Transformative projects change the rules of engagement between the use and the user, reformatting existing ideas of identity and in doing so they become ‘famous’ brand ambassadors for the institutions they represent. After all, universities are about changing the future and it’s hard to achieve that with timidity. Future-changing architecture takes on a massive dual responsibility – to be both authentically relevant to the identity of physical and social context while also challenging assumptions on how buildings should ‘behave’ relative to their users. Jean Nouvel’s Institut du Monde Arabe in Paris is both quintessentially Islamic in detail but decisively technical in delivery. It is at once a challenging paradox and a literal translation. The project quite literally takes on the responsibility of rendering ancient identity in new materials.

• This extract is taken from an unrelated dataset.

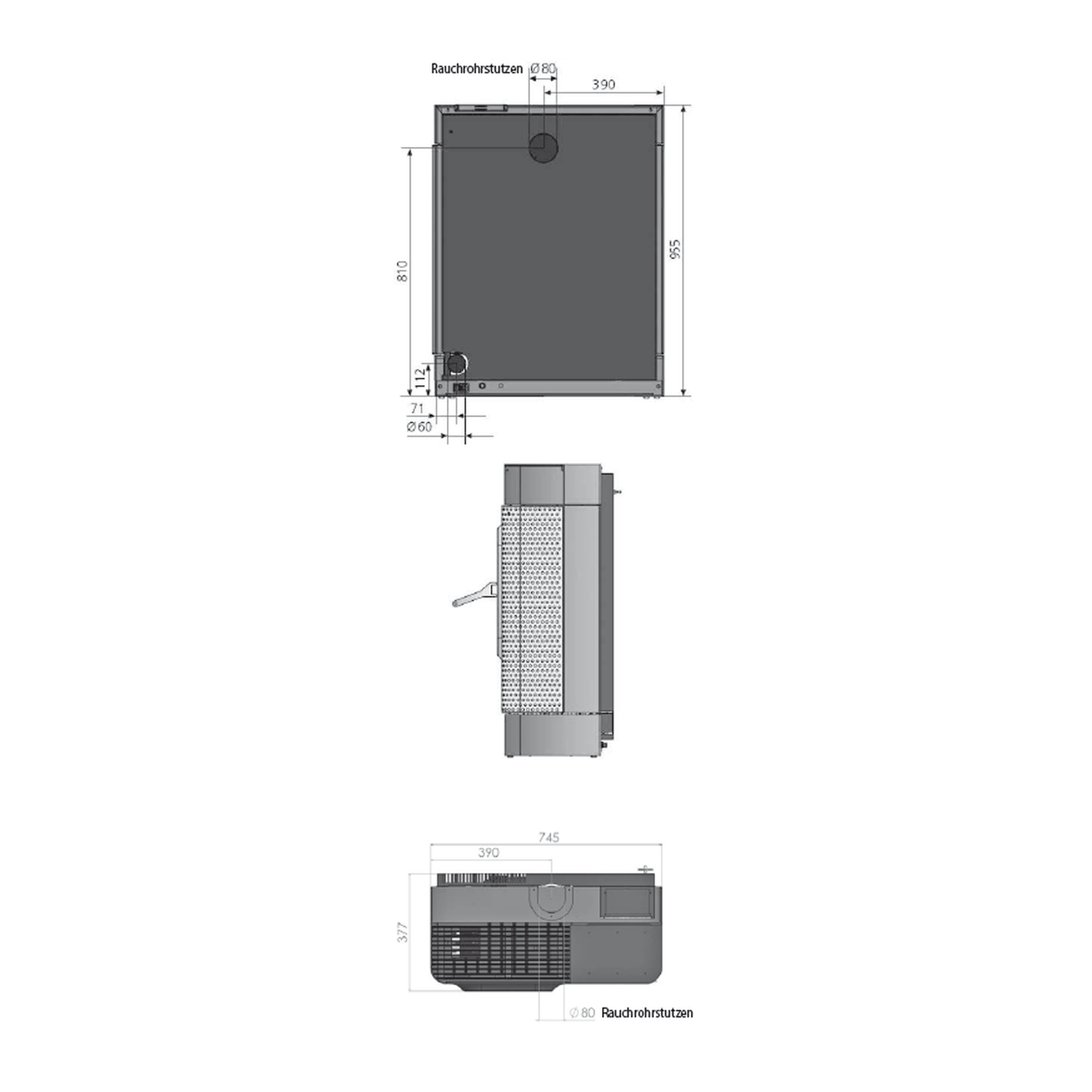Rauchrohranschluss: hinten/oben, Ø 80 mm

And that’s what makes it confronting, beautiful, sensational thirty years after completion.

Identity as a platform for architecture and design is nothing new. Renzo Piano perfected this in exquisite miniature in New Caledonia’s Jean-Marie Tijibaou Cultural Centre and Cesar Pelli knocked it out of the park at skyscraper scale with his Petronas Towers. But maybe looking at the subject from an Australasian perspective provides a new vantage point. Over the last twenty years northern European architects have delivered exciting new perspectives and projects globally from studios in Copenhagen, Rotterdam and Oslo. The studios of 3XN, Snøhetta, and Schmidt Hammer Lassen, for example, are now carrying out major projects in Australasia. Now, looking through the lens of studios in Auckland, Sydney and Melbourne it will be interesting to see what we find from the southern end of the architectural telescope. It is quite possible that we are able to offer a fresh and exciting interpretation by seeing identity through a new lens, with sensibilities derived from a Pacific edge position.